:: Data extracted from a collection ::

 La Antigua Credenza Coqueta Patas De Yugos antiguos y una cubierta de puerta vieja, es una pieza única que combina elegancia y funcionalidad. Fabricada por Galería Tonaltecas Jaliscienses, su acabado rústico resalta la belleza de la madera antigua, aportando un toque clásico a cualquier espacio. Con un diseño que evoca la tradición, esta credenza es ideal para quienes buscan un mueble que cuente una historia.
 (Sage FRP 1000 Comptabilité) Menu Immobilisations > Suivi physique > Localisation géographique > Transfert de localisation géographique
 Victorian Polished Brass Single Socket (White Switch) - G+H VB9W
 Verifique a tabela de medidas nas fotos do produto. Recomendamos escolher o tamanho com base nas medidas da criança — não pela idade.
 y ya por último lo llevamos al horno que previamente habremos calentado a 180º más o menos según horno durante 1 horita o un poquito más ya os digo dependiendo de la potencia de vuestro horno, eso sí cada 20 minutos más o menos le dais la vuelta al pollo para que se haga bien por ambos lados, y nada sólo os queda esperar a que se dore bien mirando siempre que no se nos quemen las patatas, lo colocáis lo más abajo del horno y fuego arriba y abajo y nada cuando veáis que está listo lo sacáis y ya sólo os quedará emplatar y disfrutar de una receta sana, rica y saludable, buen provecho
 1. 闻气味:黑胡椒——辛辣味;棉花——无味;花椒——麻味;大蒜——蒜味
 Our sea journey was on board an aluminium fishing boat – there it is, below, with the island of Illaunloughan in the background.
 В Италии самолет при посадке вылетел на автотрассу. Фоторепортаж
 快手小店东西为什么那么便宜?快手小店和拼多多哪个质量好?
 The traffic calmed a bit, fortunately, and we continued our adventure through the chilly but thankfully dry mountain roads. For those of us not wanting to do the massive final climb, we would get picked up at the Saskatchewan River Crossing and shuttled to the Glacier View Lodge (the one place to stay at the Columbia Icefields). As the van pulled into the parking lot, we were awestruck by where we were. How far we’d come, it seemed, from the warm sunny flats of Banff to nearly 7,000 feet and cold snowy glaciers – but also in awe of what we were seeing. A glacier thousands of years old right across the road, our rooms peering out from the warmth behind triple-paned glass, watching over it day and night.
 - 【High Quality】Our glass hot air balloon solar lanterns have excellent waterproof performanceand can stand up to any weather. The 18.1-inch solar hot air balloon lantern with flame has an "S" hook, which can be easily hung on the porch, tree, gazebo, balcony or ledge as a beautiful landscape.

...

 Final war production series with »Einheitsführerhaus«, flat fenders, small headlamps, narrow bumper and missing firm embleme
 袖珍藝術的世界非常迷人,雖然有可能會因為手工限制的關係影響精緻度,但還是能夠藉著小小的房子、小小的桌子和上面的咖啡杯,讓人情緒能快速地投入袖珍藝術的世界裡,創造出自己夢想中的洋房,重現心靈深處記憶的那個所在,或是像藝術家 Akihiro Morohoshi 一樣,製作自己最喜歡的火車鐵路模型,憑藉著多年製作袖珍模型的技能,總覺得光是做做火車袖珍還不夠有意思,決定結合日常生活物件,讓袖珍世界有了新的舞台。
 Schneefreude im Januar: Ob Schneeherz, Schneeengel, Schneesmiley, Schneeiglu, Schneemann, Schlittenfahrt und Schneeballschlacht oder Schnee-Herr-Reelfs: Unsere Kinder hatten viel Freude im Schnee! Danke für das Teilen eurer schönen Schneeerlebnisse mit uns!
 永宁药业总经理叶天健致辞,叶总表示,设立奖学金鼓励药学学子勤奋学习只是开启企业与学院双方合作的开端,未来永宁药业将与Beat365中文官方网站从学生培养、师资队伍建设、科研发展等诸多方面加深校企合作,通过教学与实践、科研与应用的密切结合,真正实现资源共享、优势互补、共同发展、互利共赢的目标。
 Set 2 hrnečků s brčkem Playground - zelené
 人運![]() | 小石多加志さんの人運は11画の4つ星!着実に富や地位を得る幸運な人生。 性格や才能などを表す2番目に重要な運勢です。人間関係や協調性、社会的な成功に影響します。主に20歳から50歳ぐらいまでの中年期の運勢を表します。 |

:: Required work ::
Keeping every character as it is, restate the lines above that run from the line with "快手小店东西为什么那么便宜?快手小店和拼多多哪个质量好?" through the line with "- 【High Quality】Our", both included, and nothing else.

:: Reply ::
 快手小店东西为什么那么便宜?快手小店和拼多多哪个质量好?
 The traffic calmed a bit, fortunately, and we continued our adventure through the chilly but thankfully dry mountain roads. For those of us not wanting to do the massive final climb, we would get picked up at the Saskatchewan River Crossing and shuttled to the Glacier View Lodge (the one place to stay at the Columbia Icefields). As the van pulled into the parking lot, we were awestruck by where we were. How far we’d come, it seemed, from the warm sunny flats of Banff to nearly 7,000 feet and cold snowy glaciers – but also in awe of what we were seeing. A glacier thousands of years old right across the road, our rooms peering out from the warmth behind triple-paned glass, watching over it day and night.
 - 【High Quality】Our glass hot air balloon solar lanterns have excellent waterproof performanceand can stand up to any weather. The 18.1-inch solar hot air balloon lantern with flame has an "S" hook, which can be easily hung on the porch, tree, gazebo, balcony or ledge as a beautiful landscape.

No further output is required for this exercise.